### Task prompt
Your copy should begin at the line containing "Pair of electrical" and end at the last line of the records; transcribe those lines exactly and leave out every picture.

Extracted data entries:
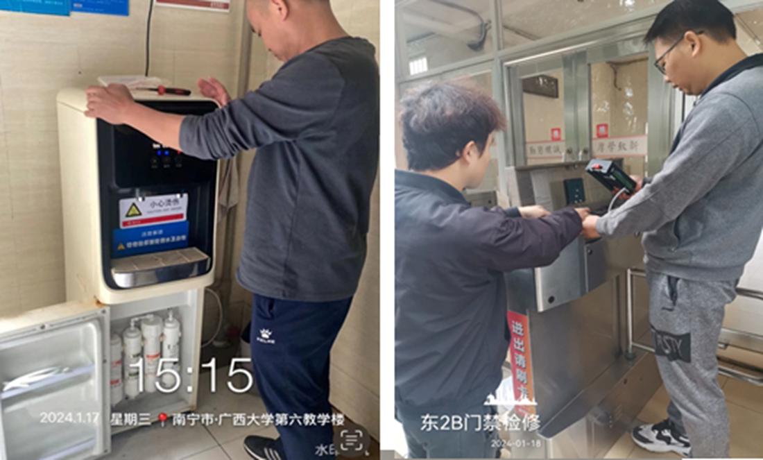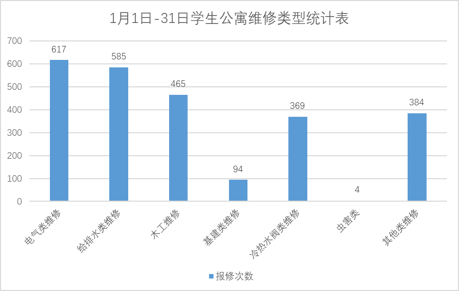 2. 日常维修、报修情况:2024年1月份后勤服务24小时报修中心接电话报修、网上报修、现场报修3423单,其中学生公寓报修2518单(已完工2516单,完工率99.9%,余2单在维修中,其中电气类617单,木工类465单,给排水类585单,基建类94单,冷热水阀类369单,虫害类4单,其他类384单),余下905单由其他岗位负责完成维修。
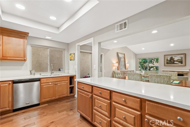 Meticulously maintained 2-bedroom, 2-bathroom home, which includes an additional den perfect for a home office or conversion into a 3rd bedroom. Located on a peaceful cul-de-sac in the desirable 55+ gated community of Casta del Sol, this property shows true pride of ownership. Featuring an open-concept layout with vaulted ceilings and updated windows. The spacious living room includes a gas fireplace and opens to private side and rear patios with recently updated covers. Additional highlights include a two-car garage with epoxy flooring, built-in cabinetry, and overhead storage racks. The home is also equipped with energy-efficient solar panels via an assumable lease. Residents of Casta del Sol enjoy resort-style amenities, including two pools, tennis, pickleball and paddle courts, a library, and community gardens. Furthermore, ownership includes membership to Lake Mission Viejo for boating, fishing, and live entertainment.
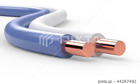 Pair of electrical cable wires with white and blue insulation isolated 3d illustration
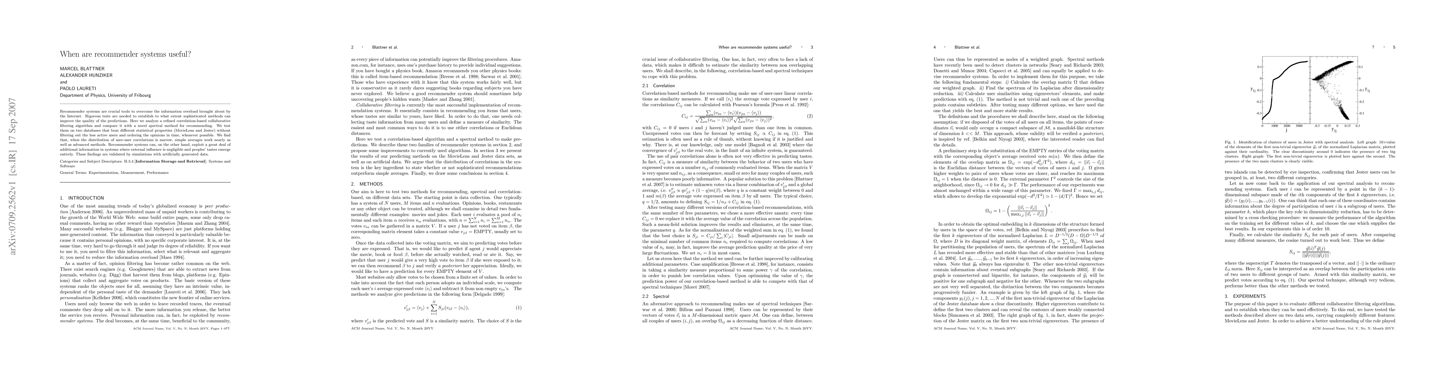This paper evaluates the effectiveness of recommender systems using correlation-based collaborative filtering and spectral methods, finding that simple averages perform nearly as well as advanced methods when user-user correlations are narrow. Recommender systems are most effective when external influences are minimal and users' tastes are distinct.
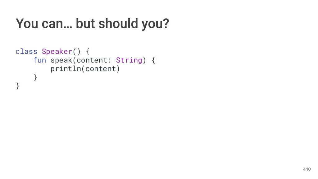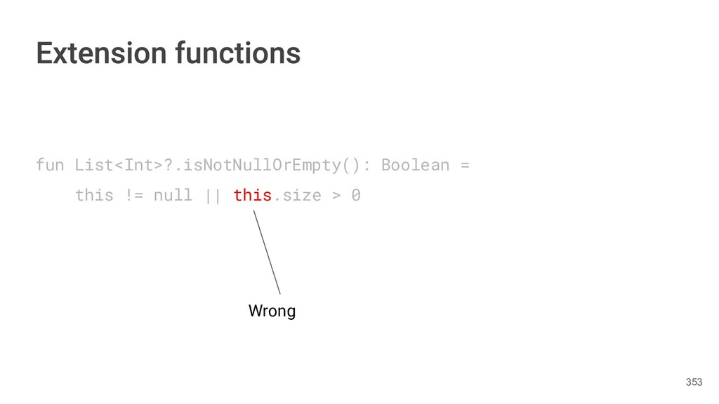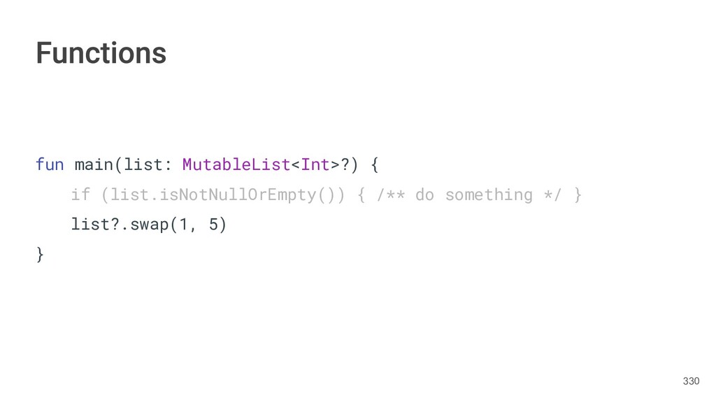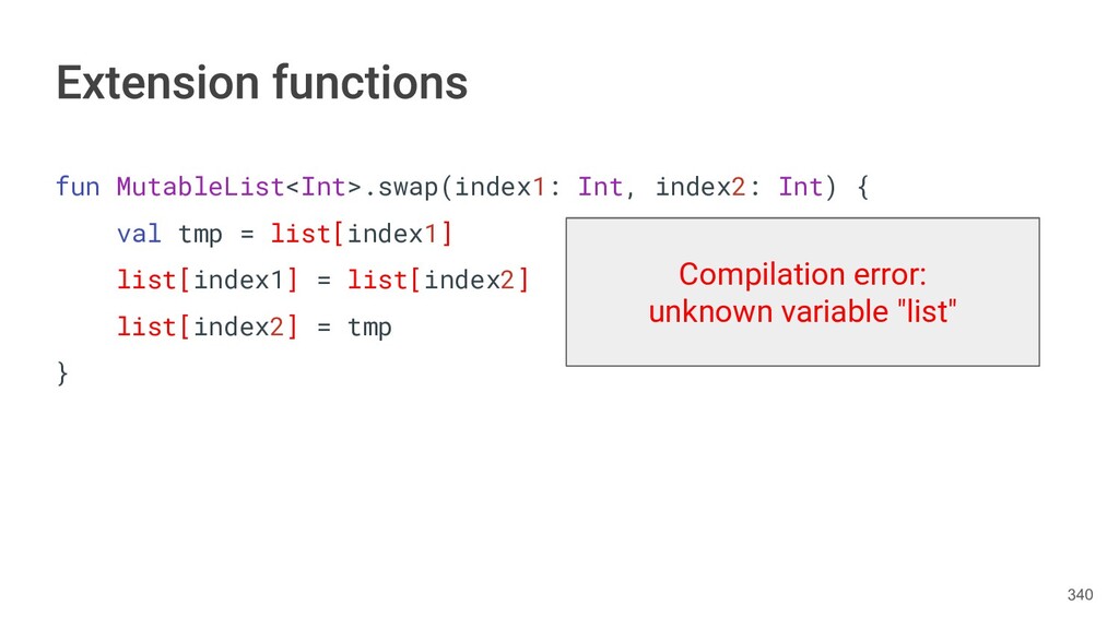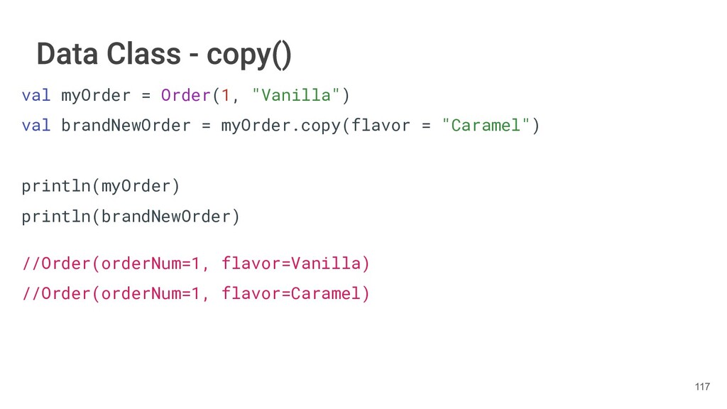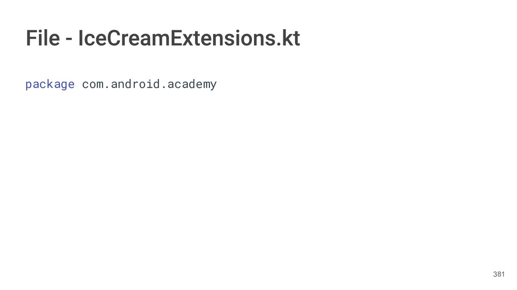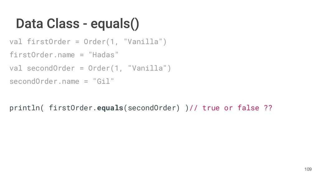 fun findBestIceCream(iceCreams: List<IceCream>): IceCream { val result = IceCream() for(iceCream in iceCreams) { // secret algorithm } return result } 232

### Result
 Pair of electrical cable wires with white and blue insulation isolated 3d illustration
This paper evaluates the effectiveness of recommender systems using correlation-based collaborative filtering and spectral methods, finding that simple averages perform nearly as well as advanced methods when user-user correlations are narrow. Recommender systems are most effective when external influences are minimal and users' tastes are distinct.
 fun findBestIceCream(iceCreams: List<IceCream>): IceCream { val result = IceCream() for(iceCream in iceCreams) { // secret algorithm } return result } 232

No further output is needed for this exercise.